=== Data provided ===
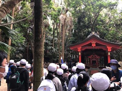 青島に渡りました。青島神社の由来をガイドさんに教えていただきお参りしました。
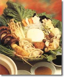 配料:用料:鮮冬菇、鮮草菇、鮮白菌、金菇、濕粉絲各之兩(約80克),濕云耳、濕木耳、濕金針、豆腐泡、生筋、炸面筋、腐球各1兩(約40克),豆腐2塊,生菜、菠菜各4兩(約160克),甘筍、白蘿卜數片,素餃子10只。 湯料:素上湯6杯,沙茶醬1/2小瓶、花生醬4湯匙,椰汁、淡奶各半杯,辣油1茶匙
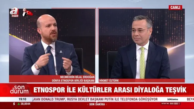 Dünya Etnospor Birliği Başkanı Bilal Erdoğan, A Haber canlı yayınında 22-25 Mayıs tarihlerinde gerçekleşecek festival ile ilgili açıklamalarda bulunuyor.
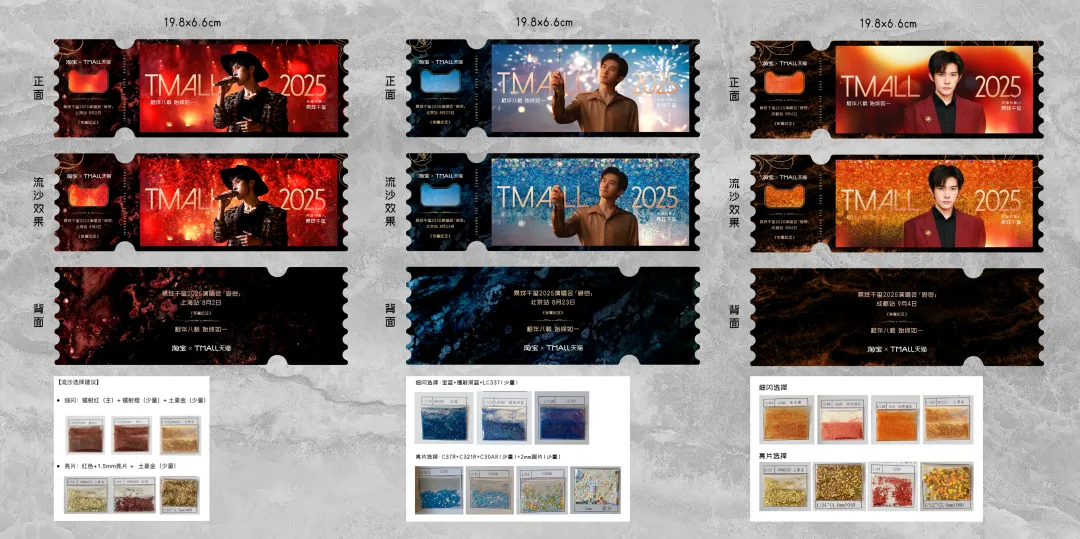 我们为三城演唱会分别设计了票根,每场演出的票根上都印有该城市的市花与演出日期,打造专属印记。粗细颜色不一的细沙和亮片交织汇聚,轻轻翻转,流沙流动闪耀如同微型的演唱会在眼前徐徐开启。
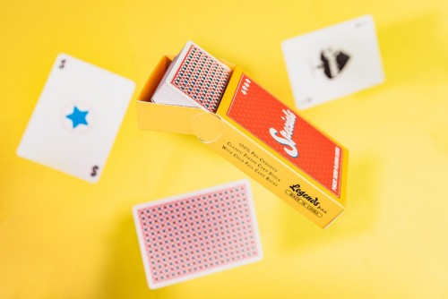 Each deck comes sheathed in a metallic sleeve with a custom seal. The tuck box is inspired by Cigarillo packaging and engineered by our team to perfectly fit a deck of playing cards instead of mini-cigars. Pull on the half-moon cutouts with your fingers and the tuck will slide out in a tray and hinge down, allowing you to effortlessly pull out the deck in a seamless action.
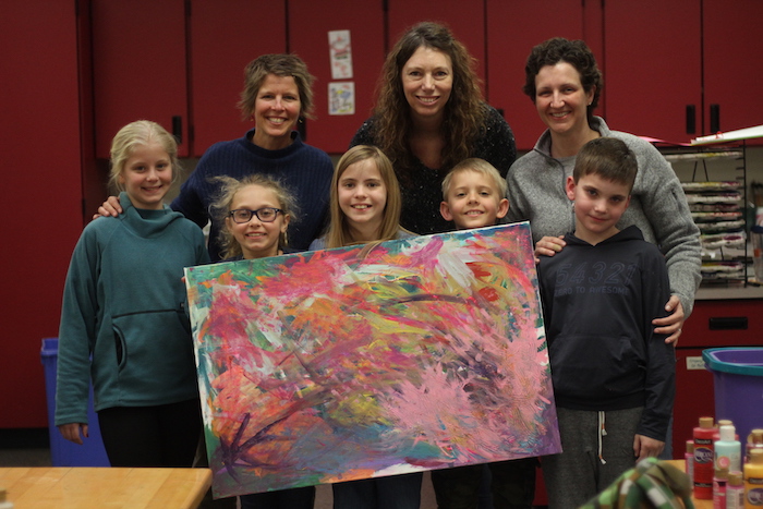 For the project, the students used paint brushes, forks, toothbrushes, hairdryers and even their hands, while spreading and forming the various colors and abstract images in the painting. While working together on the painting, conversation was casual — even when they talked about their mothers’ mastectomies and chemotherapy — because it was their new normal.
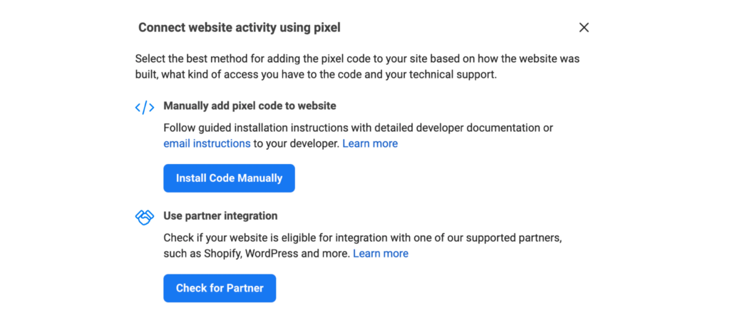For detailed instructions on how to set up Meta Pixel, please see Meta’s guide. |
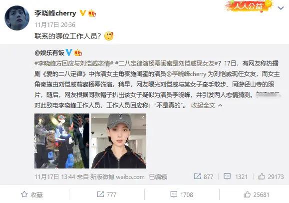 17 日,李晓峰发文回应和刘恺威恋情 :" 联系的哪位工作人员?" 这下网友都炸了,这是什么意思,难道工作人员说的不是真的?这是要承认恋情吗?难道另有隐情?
===
## Work order
Since the pictures are not wanted, transcribe only the rest of the material above, exactly as it stands.

## Exercise solution
 青島に渡りました。青島神社の由来をガイドさんに教えていただきお参りしました。
 配料:用料:鮮冬菇、鮮草菇、鮮白菌、金菇、濕粉絲各之兩(約80克),濕云耳、濕木耳、濕金針、豆腐泡、生筋、炸面筋、腐球各1兩(約40克),豆腐2塊,生菜、菠菜各4兩(約160克),甘筍、白蘿卜數片,素餃子10只。 湯料:素上湯6杯,沙茶醬1/2小瓶、花生醬4湯匙,椰汁、淡奶各半杯,辣油1茶匙
 Dünya Etnospor Birliği Başkanı Bilal Erdoğan, A Haber canlı yayınında 22-25 Mayıs tarihlerinde gerçekleşecek festival ile ilgili açıklamalarda bulunuyor.
 我们为三城演唱会分别设计了票根,每场演出的票根上都印有该城市的市花与演出日期,打造专属印记。粗细颜色不一的细沙和亮片交织汇聚,轻轻翻转,流沙流动闪耀如同微型的演唱会在眼前徐徐开启。
 Each deck comes sheathed in a metallic sleeve with a custom seal. The tuck box is inspired by Cigarillo packaging and engineered by our team to perfectly fit a deck of playing cards instead of mini-cigars. Pull on the half-moon cutouts with your fingers and the tuck will slide out in a tray and hinge down, allowing you to effortlessly pull out the deck in a seamless action.
 For the project, the students used paint brushes, forks, toothbrushes, hairdryers and even their hands, while spreading and forming the various colors and abstract images in the painting. While working together on the painting, conversation was casual — even when they talked about their mothers’ mastectomies and chemotherapy — because it was their new normal.
For detailed instructions on how to set up Meta Pixel, please see Meta’s guide. |
 17 日,李晓峰发文回应和刘恺威恋情 :" 联系的哪位工作人员?" 这下网友都炸了,这是什么意思,难道工作人员说的不是真的?这是要承认恋情吗?难道另有隐情?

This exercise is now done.